Vor der Finanzkrise haben diverse Hedge-Fonds versucht, sich durch radikal andere Investmentmethoden von der oben aufgezeigten Entwicklung abzukoppeln. Das ging total in die Hose. Erstens weil die Marktturbolenzen bei vielen Fonds für herbe Verluste sorgten und es in der Folge zu großflächigen Mittelabflüssen kam. Zweitens weil findige Marketingexperten sofort Benchmarkindizes für Hedgefonds aufstellten. Damit waren auch die Hedgefonds-Manager wieder auf der Kloschüssel gelandet.

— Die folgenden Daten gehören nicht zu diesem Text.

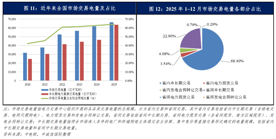 从交易情况来看,根据中电联统计,2025年1~12月,全国市场交易电量规模同比增长7.4%,占全社会用电量比重增至64.0%,同比提高1.3个百分点。从市场交易电量组成来看,2025年1~12月全国以省内中长期交易为主,占比为68.40%,其次是省间中长期交易,占比为22.90%,电力现货交易等其他交易形式占比较小,但占比呈上升趋势。2025年以来,我国中长期交易电量持续增长,发挥保供稳价的“压舱石”作用。电力现货市场建设加快推进,根据2025年4月16日国家发展改革委、国家能源局发布的《关于全面加快电力现货市场建设工作的通知》,2025年底前基本实现电力现货市场全覆盖,全面开展连续结算运行。截至2025年末,全国共有山西、广东、山东、甘肃、蒙西、湖北、浙江7个省级现货市场及省间电力现货市场转入正式运行,河北南网、安徽、江苏、吉林、黑龙江、辽宁、宁夏、陕西、重庆等14个省级现货市场及南方区域电力市场已开启连续结算试运行。未来随着“136号文”的全面落实,新能源市场化交易增量将推升我国市场化交易电量规模及占比,同时随着电力现货市场的加速建设以及两网壁垒的打通,未来电力现货执行区域以及跨电网经营区的交易电量将有所增加,我国电力市场的交易活跃度及有效性将大幅提升。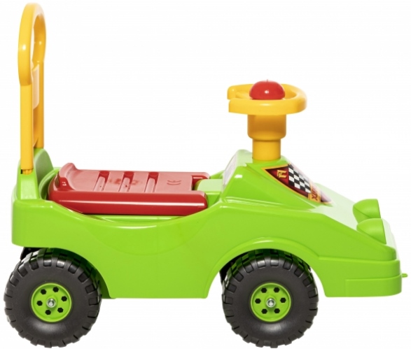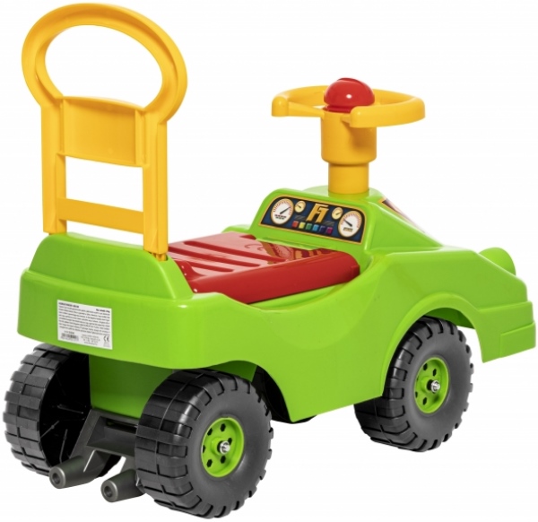 Dorex nagy bébitaxi 5038 zöld egy vidám és klasszikus lábbal hajtós gyerekjármű, amely nagyszerű választás kisgyermekek első játékautójának. Strapabíró és tartós műanyag kivitelű kisautó, amelyen a gyerek kényelmesen ülve, lábainak használatával gurulhat előre, így játékosan fejleszti a mozgáskoordinációt és egyensúlyérzéket. A jármű kerekei stabil gurulást biztosítanak, a kormányrudat könnyű irányítani, és a kis fuvola vagy duda hang még szórakoztatóbbá teszi a játékot. A kisautó nyitható üléssel rendelkezik, ami alatt praktikus tárolóhely található a kedvenc apróságok számára. A bébitaxi mérete kb. 57 cm hosszú x 24 cm széles x 45 cm magas, így ideális méretű a legkisebbek számára, miközben kényelmesen használható beltérben és sima kültéri felületeken is. Ajánlott 1-3 éves korosztálynak, és maximális terhelhetősége kb. 30 kg, ami hosszabb játékidőt tesz lehetővé. Ez a zöld színű kisautó nagyszerű ajándék lehet születésnapra, ünnepekre vagy bármilyen játékos kalandhoz.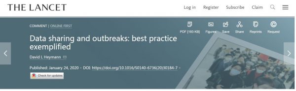 Heymann D. (2020). Data sharing and outbreaks: best practice exemplified. The Lancet.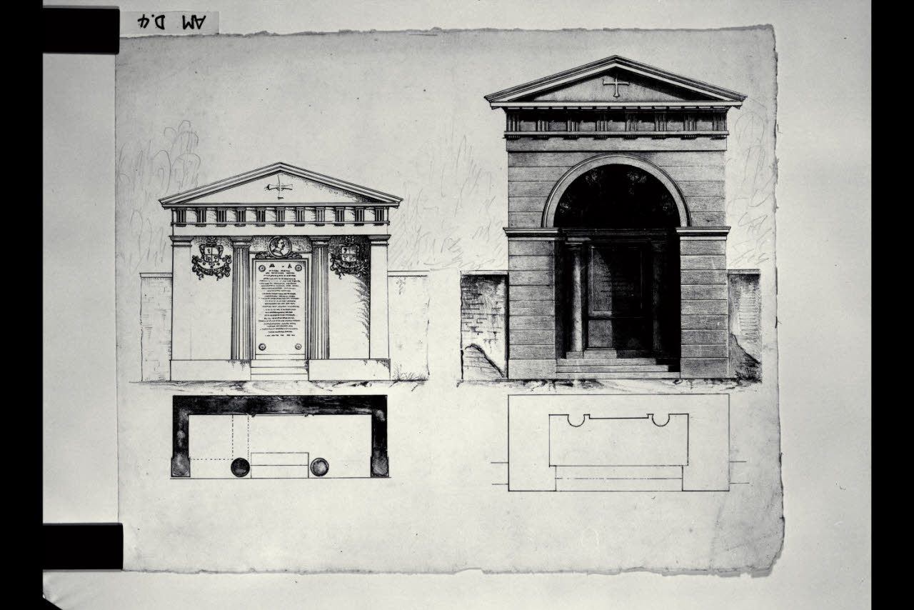 Piante e prospetti delle edicole funerarie per la contessa Paola Taverna e per il barone Augusto Bataille già nel cimitero di Porta Romana a Milano. Piante e prospetti delle edicole funerarie per la contessa Paola Taverna e per il barone Augusto Bataille già nel cimitero di Porta Romana a Milano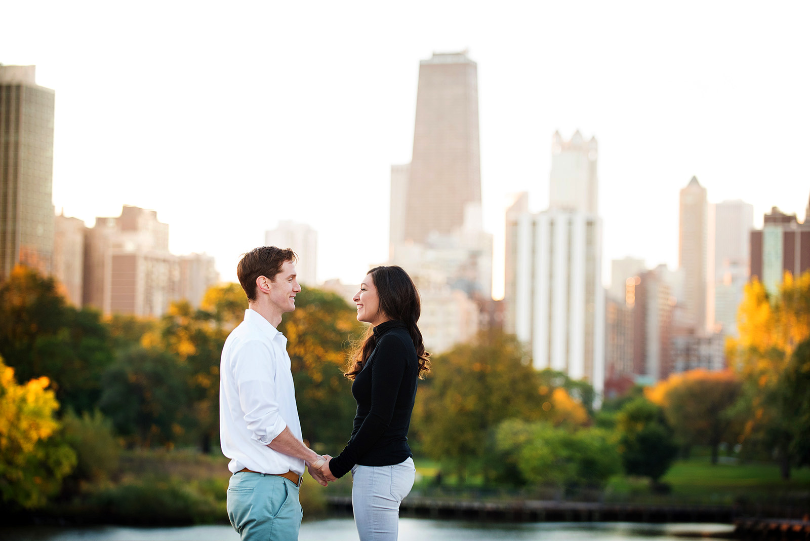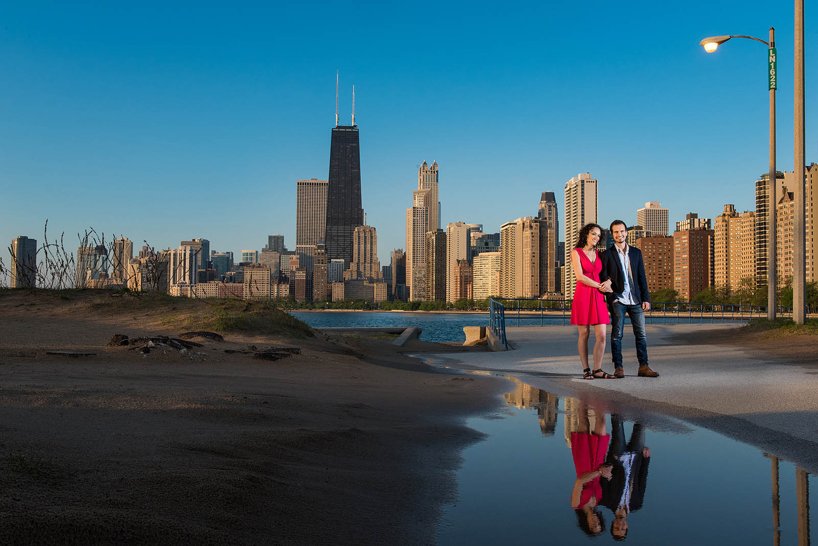 Best Chicago Skyline Engagement Session Reflection: Alyssa & Juan reflecting in front of the Chicago skyline during their Sunrise Engagement Session along Lake Michigan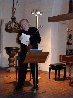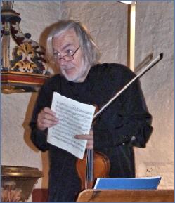 Von diesem anspruchsvollen besonderen Konzert mit Wolfgang Kohlhaußen an der Violine und Christoph Jensen an Orgel und Cembalo in der St. Peter-Kirche blieb wohl vor allem die Interpretation der Komposition von Wilfried Maria Danner (*1956) haften. Dieser hatte zum letzten Gedicht aus dem sechsteiligen Zyklus „Der Geiger“ von Hermann Hesse unter dem Titel „...voll tiefen Friedens...“ seine Komposition aus dem Jahre 2010 dazu mit „Momentaufnahmen, Szenen und Fragmente“ für Violine solo benannt. Hesse zeigt in diesem Zyklus die fortschreitende Ernüchterung eines einst vom Geigenspiel verzückten Virtuosen über den Wert seiner Kunst sprachlich verdichtet auf.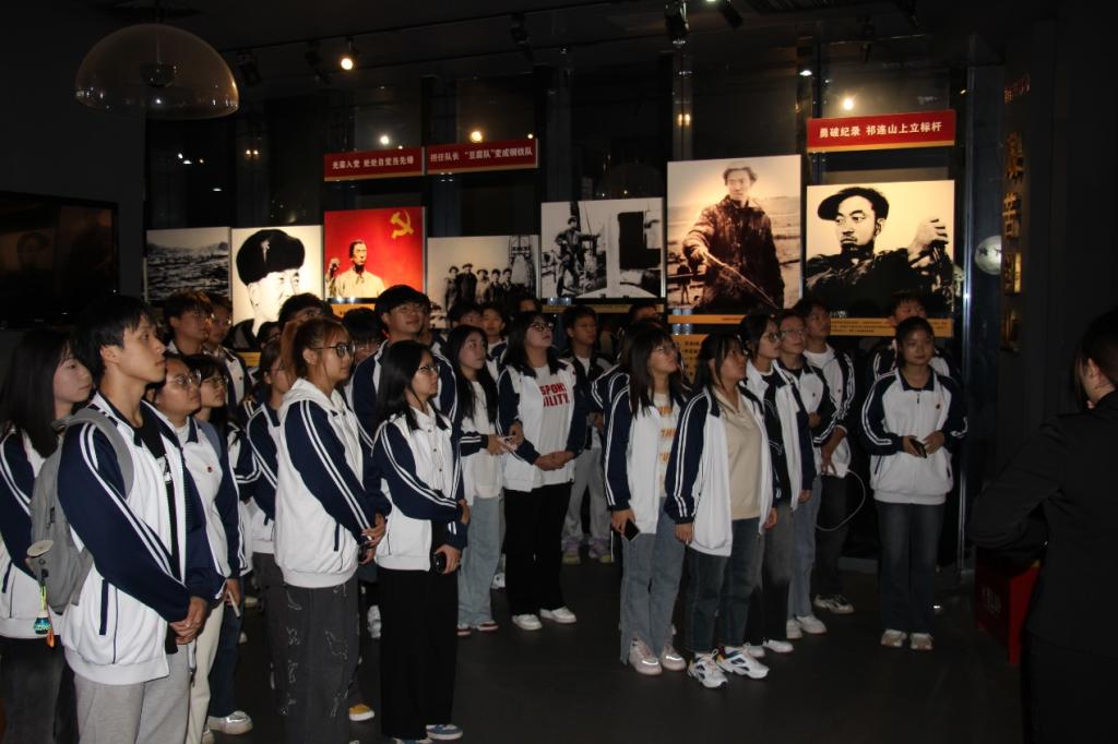 在“鐵人”王進(jìn)喜紀(jì)念館,任仰老師向大家介紹了鐵人王進(jìn)喜的生平故事,希望大家在參觀學(xué)習(xí)中再次感悟王進(jìn)喜同志的英雄事跡和鐵人精神的豐富內(nèi)涵。跟隨講解員的講解,同學(xué)們?cè)诩o(jì)念館中看到了一幅幅珍貴的歷史照片、一件件烙印著歲月痕跡的實(shí)物、一幕幕再現(xiàn)當(dāng)年生活的場(chǎng)景,重溫鐵人故事,深刻感悟鐵人精神的偉大和崇高。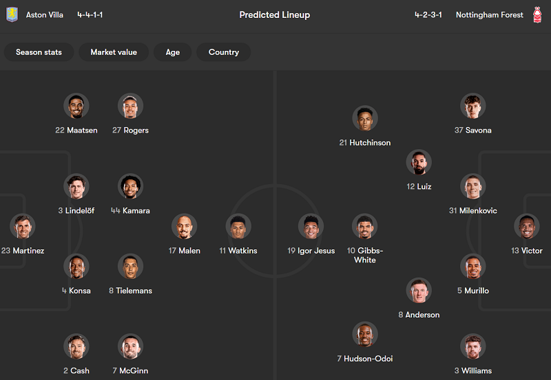 Thông tin trận đấu Aston Villa vs Nottingham Forest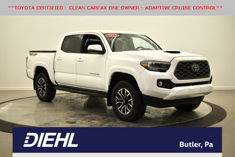 **TOYOTA CERTIFIED**, **HARD FACTORY TONNEAU COVER**, **FACTORY RUNNING BOARDS**, **LED HEADLIGHTS**, **POWER DRIVER SEAT**, **ADAPTIVE CRUISE CONTROL**, **LANE KEEP ASSIST**, **AUTO HIGH BEAMS**, **CLEAN CARFAX ONE OWNER**, 4WD, 120V/400W Deck Mounted AC Power, 17" Machined Alloy Wheels, 5" Black Oval Tube Steps (TMS), 6 Speakers, ABS brakes, Active Cruise Control, Air Conditioning, Alloy wheels, AM/FM radio: SiriusXM, Anti-whiplash front head restraints, Apple CarPlay/Android Auto, Auto High-beam Headlights, Auto-dimming Rear-View mirror, Auto-Dimming Rearview Mirror w/HomeLink, Automatic temperature control, Axle Ratio: 3.91, Brake assist, Bumpers: body-color, Color-Keyed Overfenders, Driver door bin, Dual front impact airbags, Dual front side impact airbags, Electronic Stability Control, Emergency communication system: Safety Connect (1-year trial), Engine Immobilizer, Exterior Parking Camera Rear, Fabric Seat Trim, Front anti-roll bar, Front Bucket Seats, Front Center Armrest, Front Door Smart Key System w/Push Button Start, Front dual zone A/C, Front fog lights, Front reading lights, Front Seats, Front wheel independent suspension, Garage door transmitter: HomeLink, Heated door mirrors, Illuminated entry, Knee airbag, Leather Shift Knob, Low tire pressure warning, Occupant sensing airbag, Outside temperature display, Overhead airbag, Overhead console, Panic alarm, Passenger door bin, Power door mirrors, Power driver seat, Power Sliding Rear Window w/Privacy Glass, Power steering, Power windows, Radio: Audio, Rear step bumper, Remote keyless entry, Security system, Speed control, Speed-sensing steering, Split folding rear seat, Steering wheel mounted audio controls, Tachometer, Telescoping steering wheel, Tilt steering wheel, Traction control, TRD Sport Package, Trip computer, Turn signal indicator mirrors, Variably intermittent wipers. CARFAX One-Owner. Clean CARFAX. Ice Cap 2023 Toyota Tacoma TRD Sport V6 4WD 6-Speed Automatic 3.5L V6 PDI DOHC 24V LEV3-ULEV70 278hp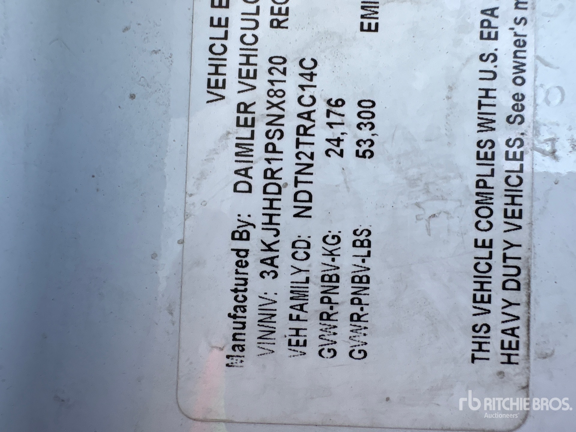 Les Informations détaillées de l’équipement sont d’une portée limitée, et les Encans Ritchie Bros. n’ont inspecté aucun autre aspect ou composant de l’équipement que ceux présentés expressément. Sauf indication précise, nous n’offrons aucune représentation ou garantie, officielle ou implicite, sur l’équipement ou ses composants, sans aucune limite de représentation ou de garantie en ce qui concerne la fonctionnalité, la conformité à toute norme de sécurité ou l’exigence de toute autorité ou agence de régulation en vigueur, l’adaptation à un quelconque usage, ou la valeur commerciale. Il vous est fortement conseillé d’effectuer votre propre inspection détaillée de l’équipement avant d’enchérir.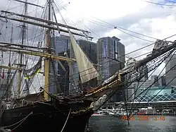 During the mid-1980s, it was proposed that a replica of explorer James Cook's ship, HM Bark Endeavour, be constructed for the museum.[21] Funding for construction was initially provided by the Bond Corporation, and construction began at the start of 1988.[22] However, in 1990, the company ran into financial difficulties, and construction was unable to continue until a charitable trust was established in 1991 to complete and operate the replica Endeavour.[23] The vessel was completed in 1994, and spent the next ten years sailing around Australia and the world before ownership was transferred to the Australian National Maritime Museum in 2005.[24]

Trotz der negativen Auswirkungen auf die Erträge ist die Praxis der Fondsgesellschaften absolut nachvollziehbar und eine betriebswirtschaftliche Notwendigkeit. Aktiv gemanagte Fonds, die sehr von der Norm abweichen, werden von potenziellen Anlegern als besonders riskant wahrgenommen. In Zeiten, wo jede Tagesbewegung des nationalen Aktienmarktindex in den Industriestaaten ausführlich einem Millionenpublikum vor oder in den Abendnachrichten präsentiert wird, wird jede Abweichung der eigenen Investments von der Norm als Zufall interpretiert. Erträge aus derartigen Investments werden mental Lotteriegewinnen gleichgesetzt. Sobald Verluste auftreten, zieht man sofort die Reissleine, was auf der Ebene des Fondsmanagements fast unweigerlich weitere Verluste des Fonds katalysiert.

Wenn es hingegen gut läuft, überschwemmt der Markt den Fonds solange mit frischem Geld, bis sich die Performance wieder der Benchmark annähert.
Es scheint eine typisch menschliche Eigenschaft zu sein, mit dem Finger auf Aussenseiter zu zeigen und sich genüßlich an deren Versagen zu ergötzen. Internetforen sind voll mit hämischen Beiträgen über Fonds, deren Performance negativ von der Norm abweicht. Im Ergebnis machen dann alle das Gleiche. Alle freuen sich gemeinsam über Erträge, alle trauern gemeinsam, wenn es mal nicht so gut läuft. Genauso wie im Fußballstadion.

Kleines Fazit: Nur wer den Mut hat, die ausgetretenen Wege zu verlassen, hat eine Chance auf nachhaltig positiv abweichende Erträge.